Exercise directions:
Look below for the line with "首先小朋友们进行了自我介绍,相互熟悉,社" and the line with "作品采用古典罩染技法,黑色的". Copy exactly those two lines and every line between, but not the pictures.

Material supplied:

---

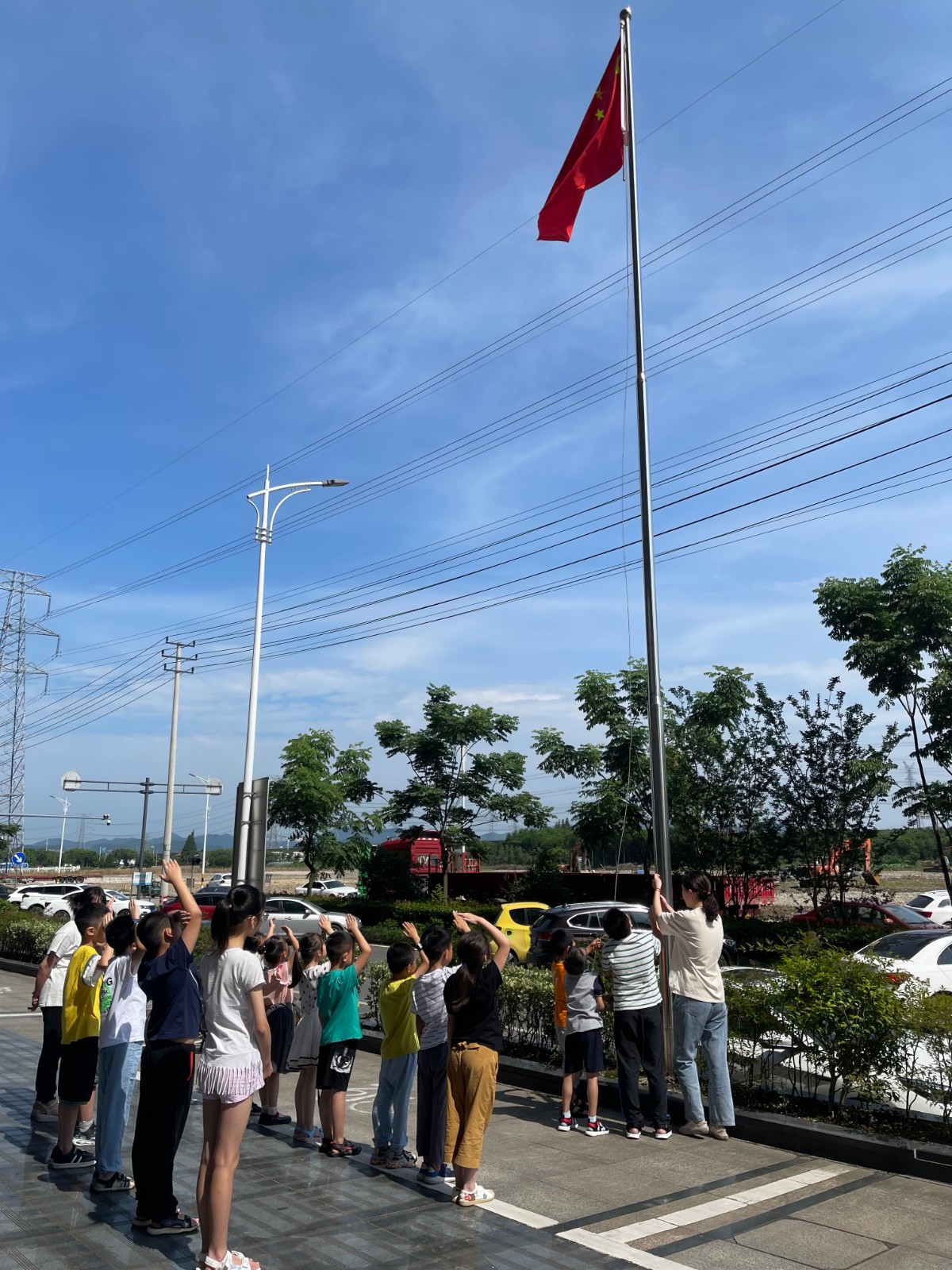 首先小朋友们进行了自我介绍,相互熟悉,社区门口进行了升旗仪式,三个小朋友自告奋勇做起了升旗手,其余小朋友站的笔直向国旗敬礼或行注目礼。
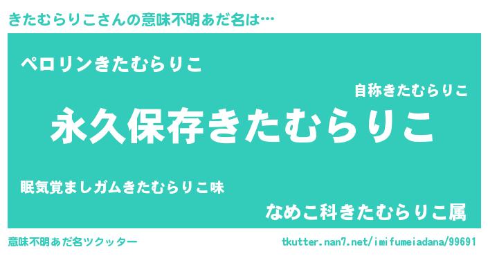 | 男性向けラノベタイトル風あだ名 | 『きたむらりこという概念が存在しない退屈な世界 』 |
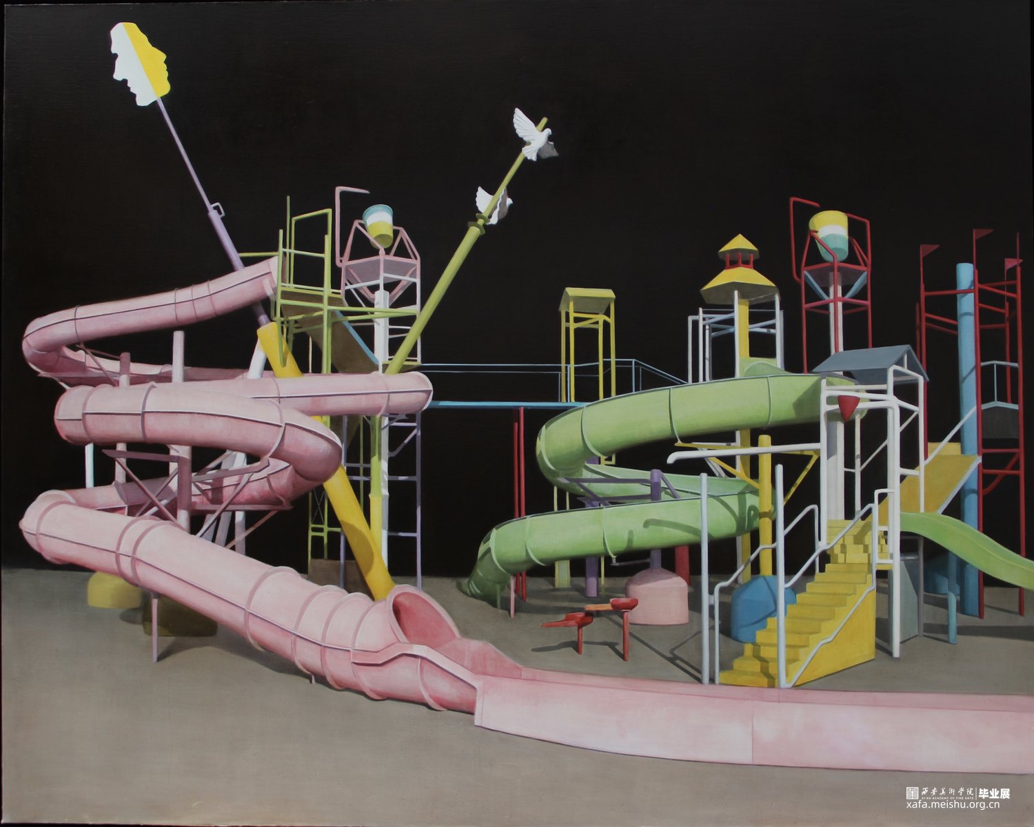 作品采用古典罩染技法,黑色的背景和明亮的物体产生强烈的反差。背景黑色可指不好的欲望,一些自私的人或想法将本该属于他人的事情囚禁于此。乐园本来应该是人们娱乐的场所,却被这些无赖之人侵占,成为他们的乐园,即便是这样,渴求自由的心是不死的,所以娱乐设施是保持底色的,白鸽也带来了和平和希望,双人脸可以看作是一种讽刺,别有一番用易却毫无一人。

---

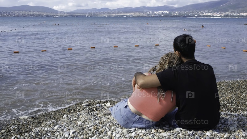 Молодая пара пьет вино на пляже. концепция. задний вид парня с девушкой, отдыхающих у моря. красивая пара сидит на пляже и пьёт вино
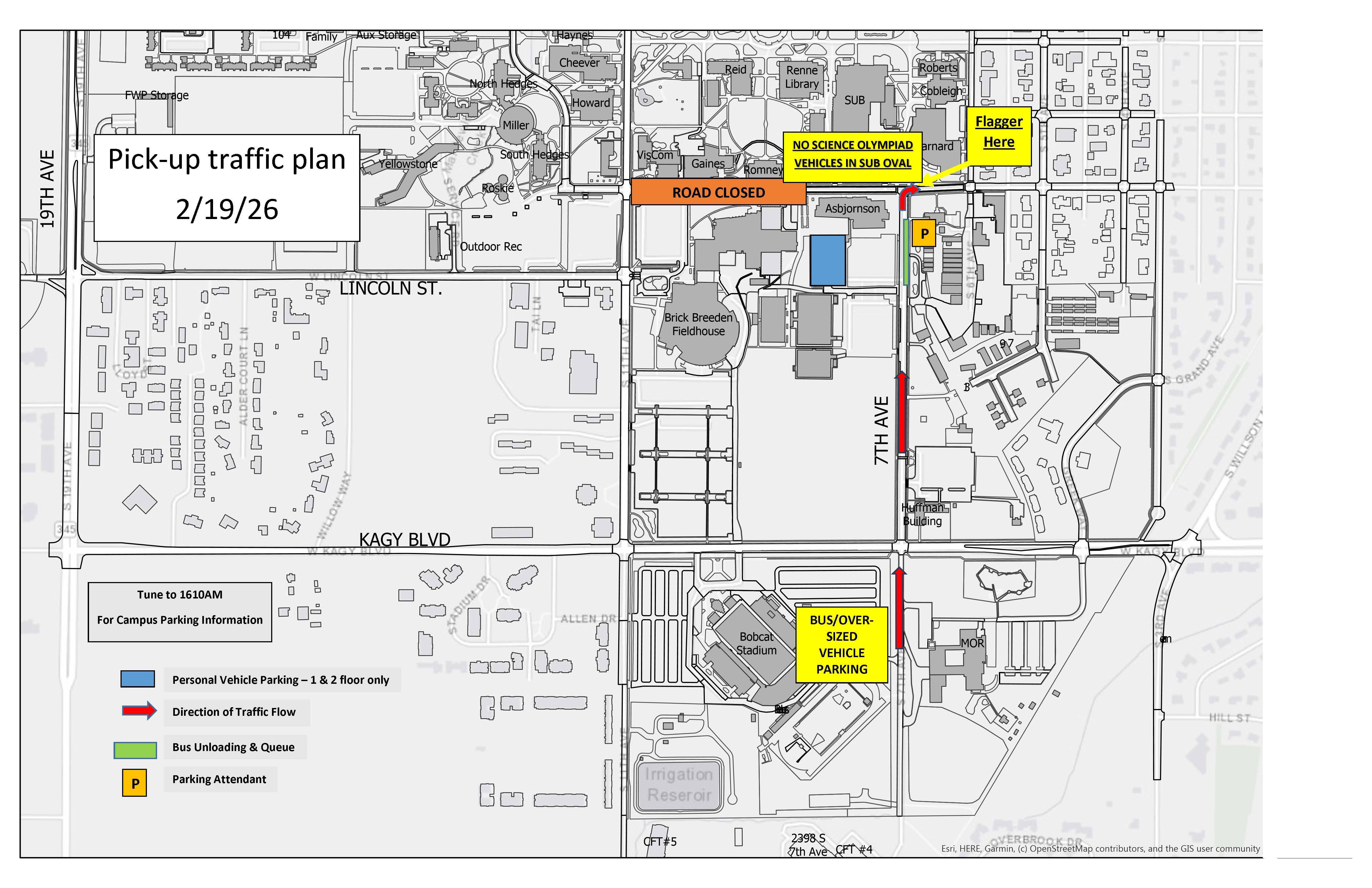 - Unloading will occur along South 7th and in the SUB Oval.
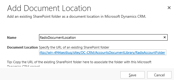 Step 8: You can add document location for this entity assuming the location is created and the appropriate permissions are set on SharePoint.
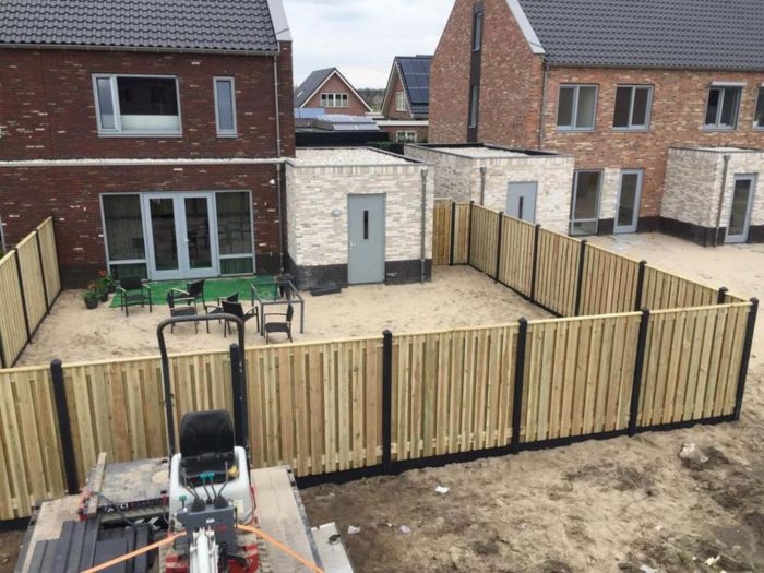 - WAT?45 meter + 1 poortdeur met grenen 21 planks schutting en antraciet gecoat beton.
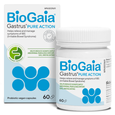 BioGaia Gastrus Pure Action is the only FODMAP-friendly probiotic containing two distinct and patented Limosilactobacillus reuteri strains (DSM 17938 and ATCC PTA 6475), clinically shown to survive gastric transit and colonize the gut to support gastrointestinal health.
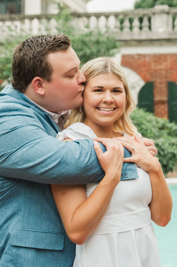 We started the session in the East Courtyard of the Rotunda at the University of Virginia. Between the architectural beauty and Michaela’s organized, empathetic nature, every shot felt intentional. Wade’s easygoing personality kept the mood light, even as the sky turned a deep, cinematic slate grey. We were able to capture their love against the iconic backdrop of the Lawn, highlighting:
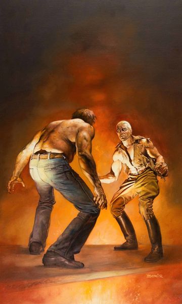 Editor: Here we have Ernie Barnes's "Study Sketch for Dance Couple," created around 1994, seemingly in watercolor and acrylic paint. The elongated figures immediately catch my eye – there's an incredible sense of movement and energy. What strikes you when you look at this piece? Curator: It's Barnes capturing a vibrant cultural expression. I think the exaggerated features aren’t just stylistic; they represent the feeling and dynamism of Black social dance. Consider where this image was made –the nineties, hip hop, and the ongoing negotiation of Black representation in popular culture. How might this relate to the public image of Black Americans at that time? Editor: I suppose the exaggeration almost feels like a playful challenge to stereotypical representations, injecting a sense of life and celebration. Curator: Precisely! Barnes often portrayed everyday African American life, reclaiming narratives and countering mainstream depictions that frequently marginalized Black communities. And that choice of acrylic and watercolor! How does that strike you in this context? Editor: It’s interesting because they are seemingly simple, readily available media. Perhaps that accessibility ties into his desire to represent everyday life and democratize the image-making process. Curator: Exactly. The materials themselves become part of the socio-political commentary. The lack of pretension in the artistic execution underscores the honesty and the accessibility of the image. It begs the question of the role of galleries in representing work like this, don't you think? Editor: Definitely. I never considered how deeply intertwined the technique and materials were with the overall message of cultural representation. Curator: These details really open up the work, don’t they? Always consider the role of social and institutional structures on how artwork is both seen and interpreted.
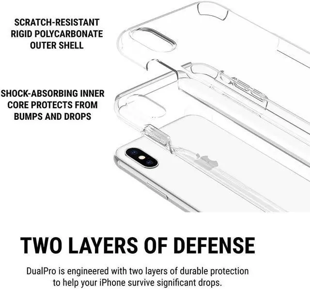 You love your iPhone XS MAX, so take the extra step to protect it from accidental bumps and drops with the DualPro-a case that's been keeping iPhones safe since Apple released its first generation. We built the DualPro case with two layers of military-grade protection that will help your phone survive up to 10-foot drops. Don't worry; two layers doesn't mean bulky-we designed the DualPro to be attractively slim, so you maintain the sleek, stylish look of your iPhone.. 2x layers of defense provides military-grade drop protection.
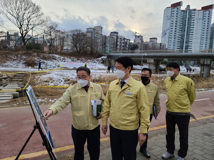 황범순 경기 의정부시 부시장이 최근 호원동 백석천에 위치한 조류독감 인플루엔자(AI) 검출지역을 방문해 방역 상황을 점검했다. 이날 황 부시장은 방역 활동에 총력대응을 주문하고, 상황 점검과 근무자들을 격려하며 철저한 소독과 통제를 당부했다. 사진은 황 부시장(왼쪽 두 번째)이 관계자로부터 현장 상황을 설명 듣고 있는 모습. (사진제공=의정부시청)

---

Solution to the problem:
 首先小朋友们进行了自我介绍,相互熟悉,社区门口进行了升旗仪式,三个小朋友自告奋勇做起了升旗手,其余小朋友站的笔直向国旗敬礼或行注目礼。
 | 男性向けラノベタイトル風あだ名 | 『きたむらりこという概念が存在しない退屈な世界 』 |
 作品采用古典罩染技法,黑色的背景和明亮的物体产生强烈的反差。背景黑色可指不好的欲望,一些自私的人或想法将本该属于他人的事情囚禁于此。乐园本来应该是人们娱乐的场所,却被这些无赖之人侵占,成为他们的乐园,即便是这样,渴求自由的心是不死的,所以娱乐设施是保持底色的,白鸽也带来了和平和希望,双人脸可以看作是一种讽刺,别有一番用易却毫无一人。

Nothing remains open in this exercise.